コシヒカリ超え挑む 暑さに強く/浸透課題

 収穫が始まった富山米の新品種「富富富」。富山県内で広く栽培されるコシヒカリの弱点を克服すべく、長年の研究の末に誕生した。最大の特徴は近年の温暖化に対抗できる暑さへの強さ。県はコシヒカリを上回る価格での流通を目指すが、農家や消費者に売り込む戦略はまだ描けていない。

 県内の米生産は、消費者に根強い人気を誇るコシヒカリに偏る。二〇一六年度の作付面積に占める割合は75・1%と圧倒的。しかし、コシヒカリは出穂後に高温が続くと品質が低下しやすい。猛暑だった一〇年や一三年は一等米比率が大幅に下がり、多くの農家が打撃を受けた。

 県農業研究所は、代替品種を開発しようと、耐暑性に関わる稲の遺伝子を〇三年から調査。七年がかりで特定した。さらに交配を進め、味も良く、収量が多い系統を絞り込み、富富富が生まれた。日本穀物検定協会(東京都)などから「うまみ、粘り、香りとも良好。全体的なバランスが優れている」との評価を得た。

 富富富はコシヒカリ超えと同時に、産地間競争での生き残りにも期待がかかる。一八年の減反廃止が迫る中、全国の産地では新品種が相次いで登場し、“ブランド米戦国時代”の様相。石川県では「ひゃくまん穀」が今秋、福井県では「いちほまれ」が来秋から本格販売される。

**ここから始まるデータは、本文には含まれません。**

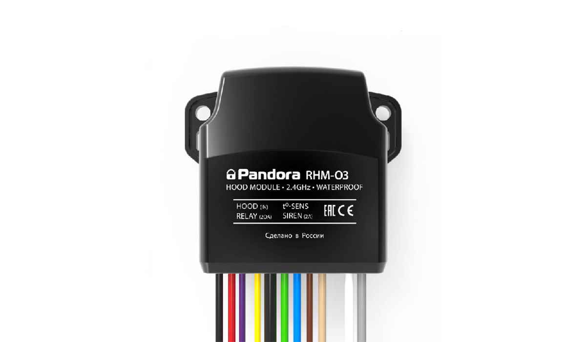 Подкапотный модуль Pandora RHM-03 значительно упрощает процесс установки сигнализации на современные автомобили — больше не требуется протягивать под капот из салона провода термодатчика двигателя, концевика капота, сирены, замка капота и управляющие линии реле блокировки — все эти устройства можно подключить к Pandora RHM-03, который связывается с базовым блоком сигнализации на частоте 2,4 ГГц.

 富富富は来秋の本格販売を予定するが、販路やターゲットは定まっていない。富山県内の農業団体の代表者らを集め、八月に開かれた生産・販売戦略の検討会議では、戦略がいまだに固まっていないことを危ぶむ声が出席者から上がった。

 県は今年収穫した富富富に対する評価などを基に戦略を練る方針。石井隆一知事は「富山米を代表するブランドにすべく最大限努力する」と宣言した。日本有数の米どころの生き残りを懸けた戦いが、いよいよ本格化する。